Never-ending Thoughts

Never-ending Thoughts

My thoughts are many, but fragments;
Each one not making any sense on its own.

Haven’t quite figured out how to put all the pieces together;
Perhaps…no, that would be the easy way out.

Each end looking for a beginning;
Each beginning keeps starting over.

Is it the past merely repeating itself?
Or is it trying to teach a lesson that can’t be learned?

The answer is somewhere between the beginning and the end.

Because the end, ultimately, is death.

Void

Void, canceled, simply annulled.
Endlessly aching, unconcealed.
Life without you, cause without reason.
Touch without sense, time without season.
I face life now facing a cancerous sore,
A sordid parasite that eats at my core.
All that makes me whole, all I hold deep within,
Leaving me lifeless, or at least not living’.
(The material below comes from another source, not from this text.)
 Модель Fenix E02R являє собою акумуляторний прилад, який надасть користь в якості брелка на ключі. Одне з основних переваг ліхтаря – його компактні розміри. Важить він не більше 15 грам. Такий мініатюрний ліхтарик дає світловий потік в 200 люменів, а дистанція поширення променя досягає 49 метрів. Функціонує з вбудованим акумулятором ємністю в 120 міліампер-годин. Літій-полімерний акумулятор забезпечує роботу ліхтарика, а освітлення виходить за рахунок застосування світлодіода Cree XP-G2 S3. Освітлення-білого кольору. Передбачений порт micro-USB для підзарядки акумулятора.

A shallow face, anguished and marred.
An empty space, scaled and scarred.
Sweetly abiding to a cynical charade.
Secretly hiding ‘hind a fictitious facade.
Still, lost within this heart of glass,
This fragile and yet unfeeling mass.
Lies the remains of a love that glowed,
The gift to you I once bestowed.

But honor and pride now bereaved-
By your love for me so misconceived,
Ripped from my inner depths, impeding-
Mind and body and spirit, bleeding;
Now’s crushed to sand from thy ruthless hand,
A cold stare I just can’t understand.
I feel that somehow, somehow I’m dying,
At least my soul and all that’s underlying.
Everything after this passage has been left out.